Однако сам Макриммон забыть о происшедшем не мог. Еще двое суток его преследовал оборванный выстрелом вопль чужака. Казалось, что ветер, свистящий над болотами и поднимающимися отрогами гор, доносит его вновь и вновь. Он слышался и в криках чаек. Он бился в самом сердце этого сурового человека, не давая ему покоя, и в конце концов пересилил страх.
Утром на третий день он снова подошел к кромке того обрыва… внутренне обзывая себя дураком. Тем не менее этот угрюмый и обветренный человек осторожно перевалился через край и начал спускаться вниз. Собака жалобно заскулила, но последовать за исчезнувшим хозяином не осмелилась.

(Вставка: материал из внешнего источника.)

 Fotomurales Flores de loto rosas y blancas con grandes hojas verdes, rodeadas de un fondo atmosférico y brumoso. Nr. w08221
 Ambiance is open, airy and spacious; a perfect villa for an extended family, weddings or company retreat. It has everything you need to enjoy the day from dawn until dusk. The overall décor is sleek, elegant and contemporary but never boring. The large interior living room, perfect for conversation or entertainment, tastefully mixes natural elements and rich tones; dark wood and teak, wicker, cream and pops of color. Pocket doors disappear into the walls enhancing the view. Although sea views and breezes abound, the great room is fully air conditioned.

Был отлив, и глубоко внизу влажно поблескивали острые камни, но пастух не глядел туда. Он ловко находил опору для рук и ног, потому что в юности славился как ловкий охотник за яйцами чаек, которые таскал из гнезд на самых отвесных скалах. Но теперь он был уже далеко не молод и, не спустившись еще и до половины, совсем выдохся и расцарапал в кровь руки. Он нащупал ногами наклонную полочку, доходящую до самого низа, и мелкими шажками продвигался по ней, пока не поравнялся с поздно загнездившейся самкой баклана. Огромная птица шумно взлетела. Крыло резко ударило Макриммона по лицу, и он машинально вскинул руку, чтобы защититься от новых ударов. В этот самый миг откололся и рухнул выступ, на котором он стоял, и Макриммон полетел вниз, на словно поджидавшие его камни.

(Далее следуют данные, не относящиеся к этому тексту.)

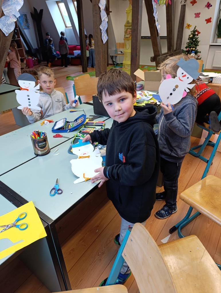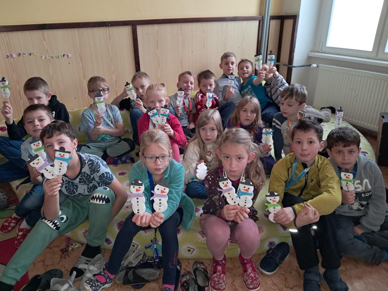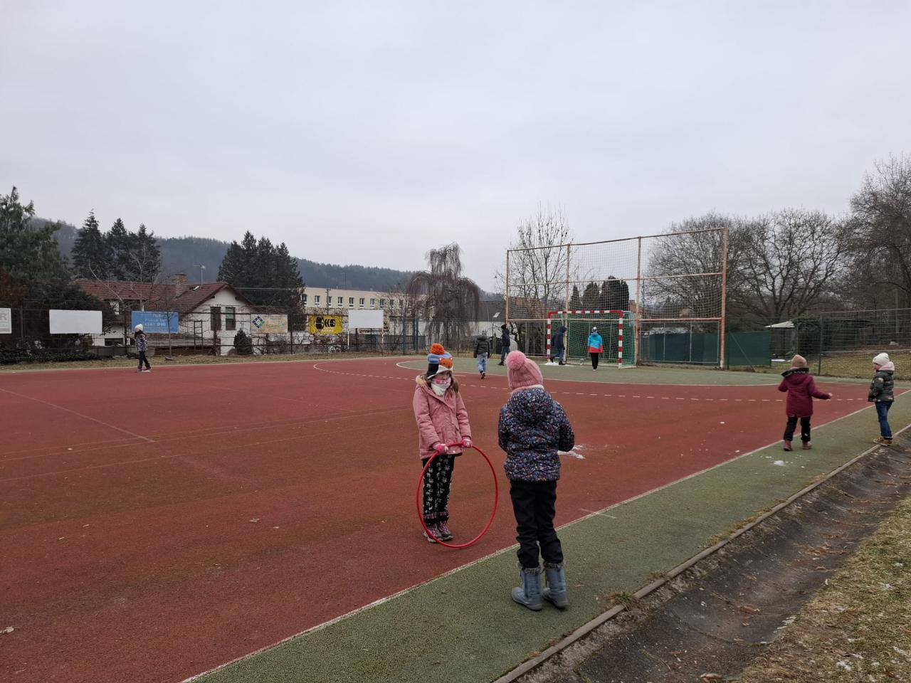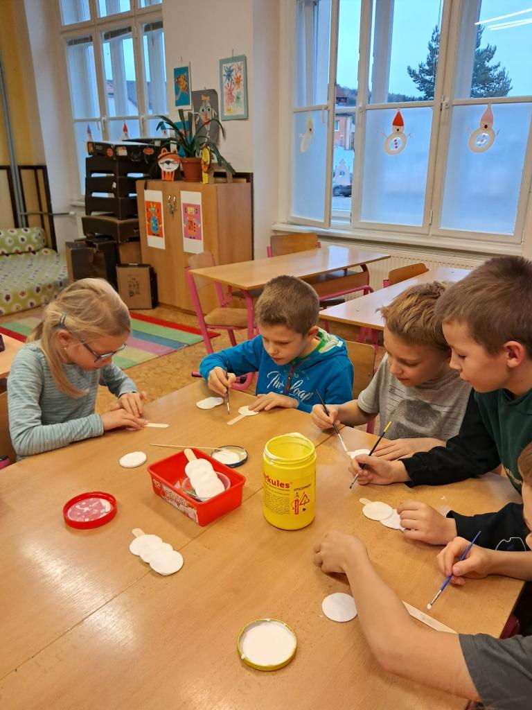 Některá oddělení uspořádala turnaj v deskových hrách a turnaj v piškvorkách. Děti vytvářely a malovaly zimní motivy a zimní sporty. V celoroční hře „Cesta kolem světa“ jsme si povídali o historii a místní kultuře v Řecku. Některé děti si i pamatovaly, který z mnoha ostrovů kolem Řecka, navštívily s rodiči. Když trochu přálo počasí, děti se šly do sokolovny na hřiště trochu otužit. Stále připomínáme dětem základní hygienické návyky, slušné chování v družině, ke kamarádům a používání kouzelných slovíček.
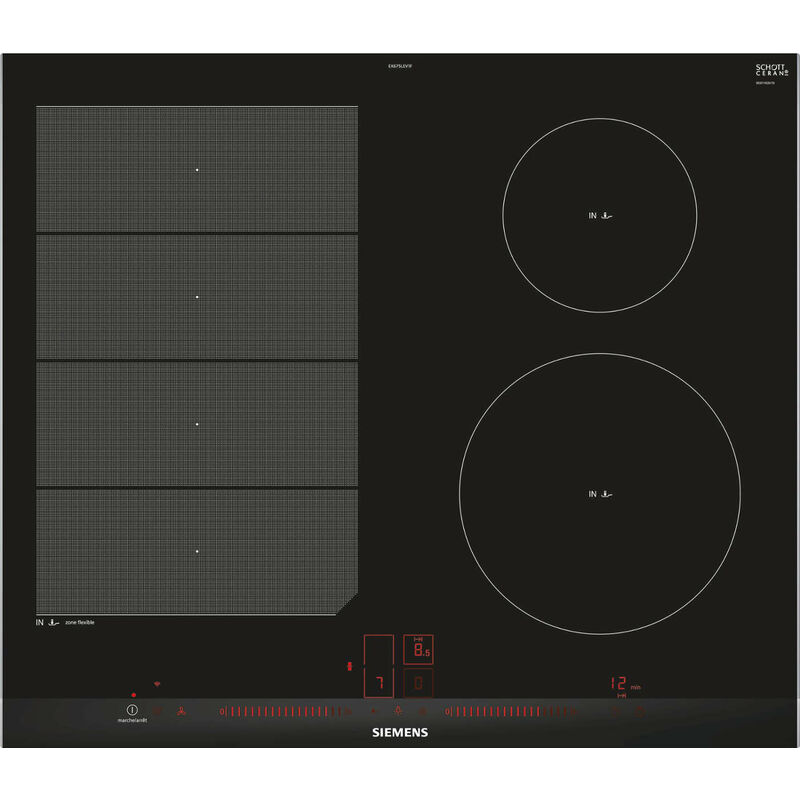Piano cottura a induzione Siemens iQ700 EX675LEV1F nero con profilo in acciaio inox. L'innovativo piano cottura a induzione? Niente più bruciature di cibo grazie al thermoSensor.Home Connect: informazioni sul piano cottura, niente più domande da porre - con l'app Home Connect facile da usare. Il sistema CookConnect permette di controllare le varie funzioni della cappa tramite il piano cottura Cook liberamente grazie alla superficie di cottura extra-large: puoi posizionare le tue pietanze ovunque sulla zona flexInduction.powerMove Plus consente un controllo intuitivo grazie a tre zone di cottura predefinite con diverse temperature., per un controllo facile e intuitivo del piano cottura. la temperatura all'interno della pentola, in modo che il cibo non si bruci più.Design: display digitale.Dual lightSlider control.Potenza: 4 piastre a induzione di cui 1 flexInduction (zona libera dotata di 4 induttori ovali) Zone di cottura: 1 x Ø 380 mm x 240 mm, 3,3 kW (powerBoost 3,7 kW) o 2 x Ø 190
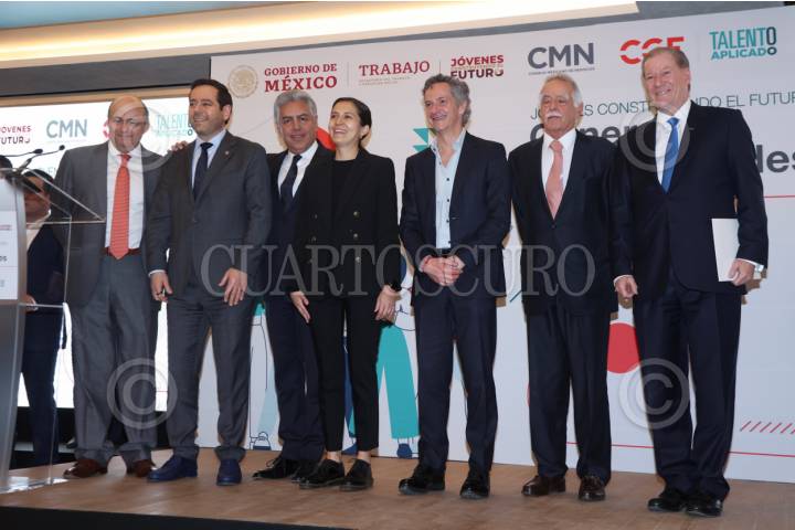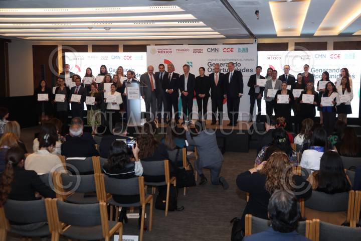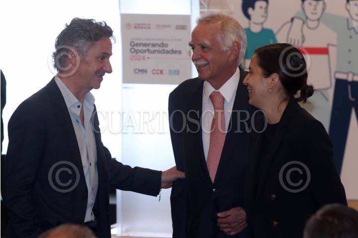 CIUDAD DE MÉXICO, 01FEBRERO2024. Pablo González, Rolando Vega Sáenz y Quiahuitl Chávez Domíngue durante su participación en el evento Jóvenes Construyendo el Futuro: Generando Oportunidades 2024, donde se entregaron reconocimientos a empresas participantes en este programa, en el Club de Industriales. FOTO: EDGAR NEGRETE LIRA/CUARTOSCURO.COM
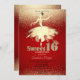 Convite Ballerina, Dourada Confetti Glitter Red Sweet 16
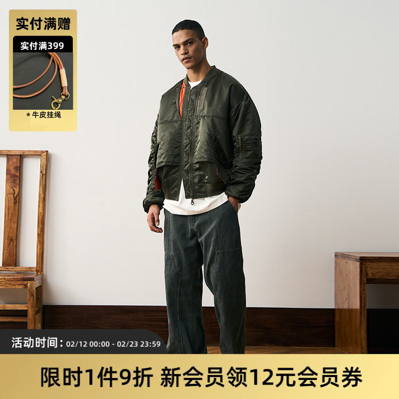 TIRES「澄砺」复古重磅光泽Bomber尼龙廓形MA1飞行夹克保暖厚外套

Высоко наверху завыла собака, почуявшая несчастье.
Вой собаки пробудил Накусяка, который забылся горячечным сном под сводами пещерки, послужившей ему первым укрытием на чужом берегу. Он лежал на подстилке из сухих водорослей и ждал, пока рана сама не заживет. Воспаленное и опухшее плечо ныло от пульсировавшей, почти невыносимой боли, но Накусяк мужественно переносил страдания, потому что был из тех, в ком заложена великая способность — терпение. И все же, хоть он и ждал, пока время поможет ему излечиться, в глубине души Накусяк понимал, что этот чужой мир ничего не сулит ему, кроме неведомых опасностей, которые неизбежно приведут к гибели.
Когда вой собаки разбудил его, Накусяк еще глубже забился в пещеру. Здоровой рукой он сжимал единственное оставшееся у него оружие — обросший морскими желудями обломок скалы. Накусяк поднял его и держал, занеся над головой, пока где-то снаружи с грохотом летели вниз камни, а потом вдруг раздался, человеческий крик.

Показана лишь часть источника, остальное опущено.